It is a strange group that approaches the large graveyard some distance from the protection of Yhona's walls, four disparate creatures all called together, all arriving at precisely the same time, as if the simple messages delivered to you were calculated to drive you to arrive together.

The reedy flute is the first sign that you four are not alone. The thin, whispering melody rises up from somewhere within the mass of headstones, many of which lie broken or tipped over near the graves they marked. The flute seems to play counterpoint to the soft whistling of the wind, a haunting echo drifting through an already haunted place.

Then the man appears before your eyes, one moment simply not there and the next, calmly perched atop a nearby headstone, one leg bent at a jaunty angle as he reclines quite relaxedly against open air. The man is dressed in black silken finery with splashes of color that would seem quite garish anywhere else, but instead simply stand out in mild contrast so near to Yhona.

The chilling music dies away as the man lowers his flute on gaunt fingers, revealing an equally emaciated face. The whites of his eyes are yellowed as if by jaundice, but his gaze is quite cheerful as he tips one corner of his hat to you in acknowledgement. He smiles a thin-lipped smile, then calmly raises his flute to his mouth to play four long, slow notes that echo through the air.

When the last note fades, he smiles once more, wider this time. "Welcome," he rasps in a voice like a file drawn lightly across a length of metal. "Thank you for coming. Would you care to take a seat?" He gestures at the surrounding gravestones, arm sweeping about to take in the entire graveyard. "As you can see, the theater is empty tonight."
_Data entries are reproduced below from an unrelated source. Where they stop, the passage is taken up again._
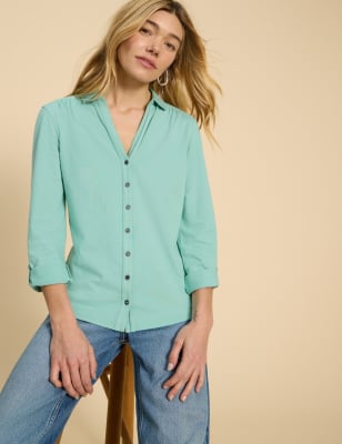 This pure organic cotton broderie shirt from White Stuff is a fresh choice for sunny days. It's cut in a comfy regular fit, with a neat collared neckline and a button-through fastening. The short sleeves are finished with roll tabs for a modern touch. Side splits at the hem ensure ease of movement.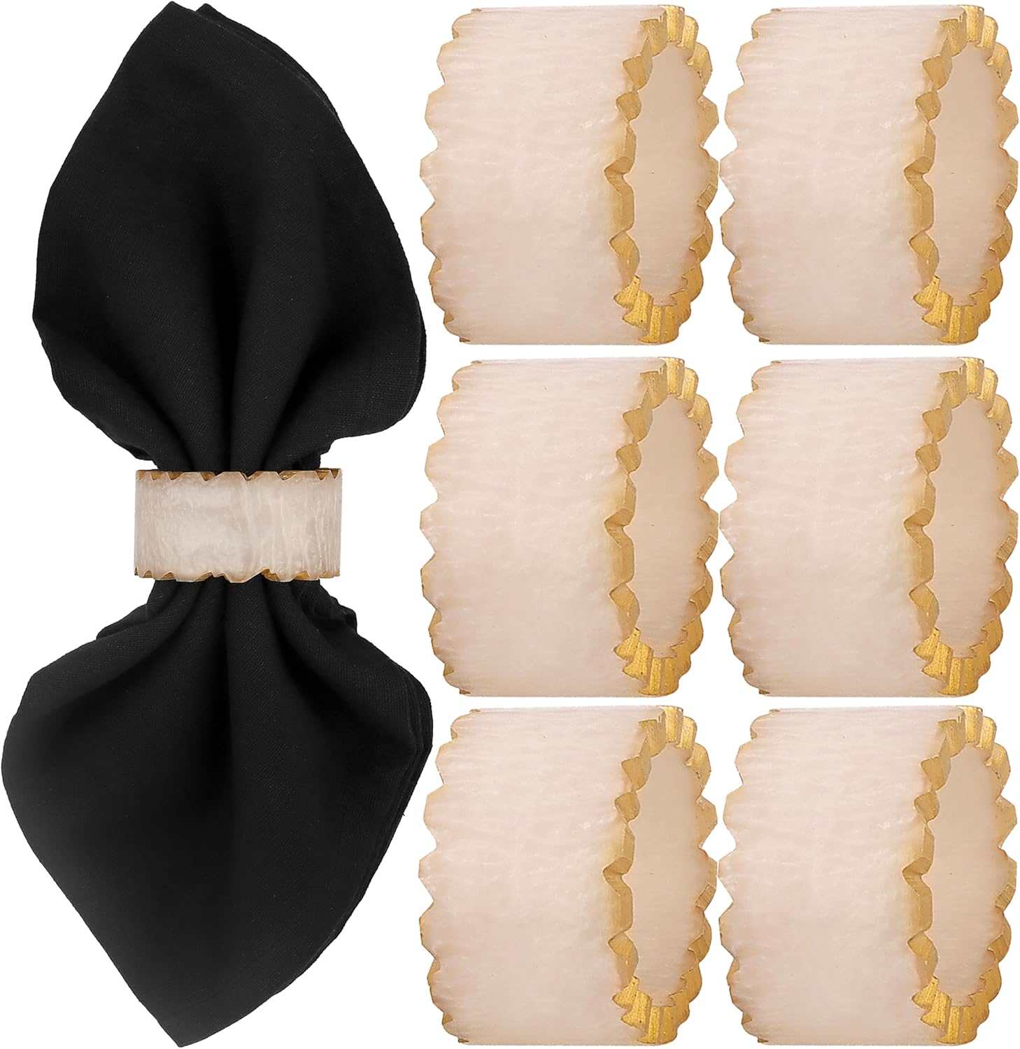Rustic Epoxy Resin Napkin Rings Set of 6 - Napkin Holders for Parties, Dining, Family Gatherings, Weddings, Holidays, Décor, Gifting Durable Tabletop Decor (Ivory) CLEENTABLE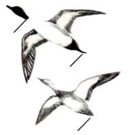 These are nervous birds, quick to take alarm. Their flight is fast, irregular, with many twists and turns. In a bunched flock, their movements have been compared to those of pigeons.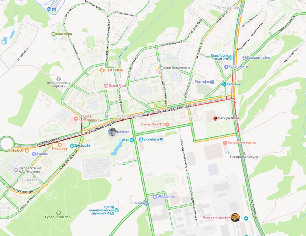 Утром 16 февраля в Калуге на правом берегу образовалась большая пробка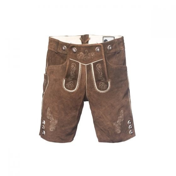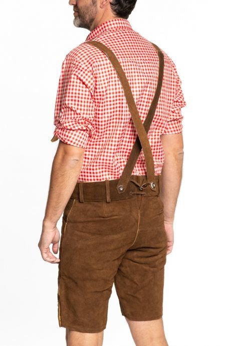 Ga volledig in traditionele stijl naar het Oktoberfest met deze klassieke lederhose met bretels. Het korte model geeft een authentieke uitstraling en biedt tegelijkertijd veel draagcomfort. De warme bruine kleur en het robuuste leer maken deze lederhose tot een duurzame en stijlvolle keuze voor feestelijke gelegenheden.

He pauses for a beat, looking between each of you. "Though, perhaps introductions are in order first. I, of course, know who you are. You, of course, do not know who I am. I suspect very much that you do not even truly know who you are. Well, no matter. Tell us all what you know of yourselves. I do so love a good story."

With that he raises flute to lips again and begins to play, eyes closed and seemingly perfectly at peace.

Swami Monsoon
2013-03-22, 10:44 PM
Yhona? Why did they send me to Yhona? The crazies are thicker than fleas out here...

Anwar creeps through the graveyard, on the lookout for both mysterious messengers and roaming packs of mindless undead. He is naked, except for his pack and a few pieces of magical jewelry. That fooled the crazies, mostly... They seemed to go after anyone that was wearing clothes, using tools, moving with any sort of purpose. They must be jealous of those that could still think, who could do more than wander about and howl at the clouds... It was the ones with half a mind left that were most dangerous. Blood Ghouls and Fleshrippers and the like, the things that acted only by instinct... they knew he wasn't good to eat, so they left him alone. But the crazies would happily tear him apart, just because...

Anwar sees several figures at the far end of the graveyard. He takes cover behind a large mausoleum, watching and listening... They don't look like crazies. It appears that some kind of meeting was going down. That couldn't be a coincidence... He steps out from behind the tomb.

"Hello?"

Then Anwar realizes that he is still naked. Like a crazy. And he is in mixed company. If he still had blood he would have blushed. He ducks back out of sight, fumbling in his pack for clothes...

"Uh, sorry. I'm not one of them. No clothes... because if I don't act like a real person the crazies stay away. Mostly. Just one second..."

Anwar finishes dressing and approaches the strangers...

Swami Monsoon
2013-03-22, 11:26 PM
Anwar takes a seat on a tombstone.

"There's not much to say... I'm Anwar. From Silver Bluff. I was an apprentice at Wilfred the White's Academy of Magic. More like an errand boy, actually. I couldn't do magic worth a damn... But anyway, this past winter the Great Man himself took me out into the Dead Zone to look for treasure. Or so he said... He'd really learned some spell that let you die out here and come back as yourself, not as a zombie or a crazy. But he had to test it first... So he tested it out on me. The hard way. So it worked, and he was real happy... until a bunch of Fleshrippers showed up and ate him. Now I'm like this. I'm cold. I don't have to drink blood or eat flesh... I just take the warmth out of things..."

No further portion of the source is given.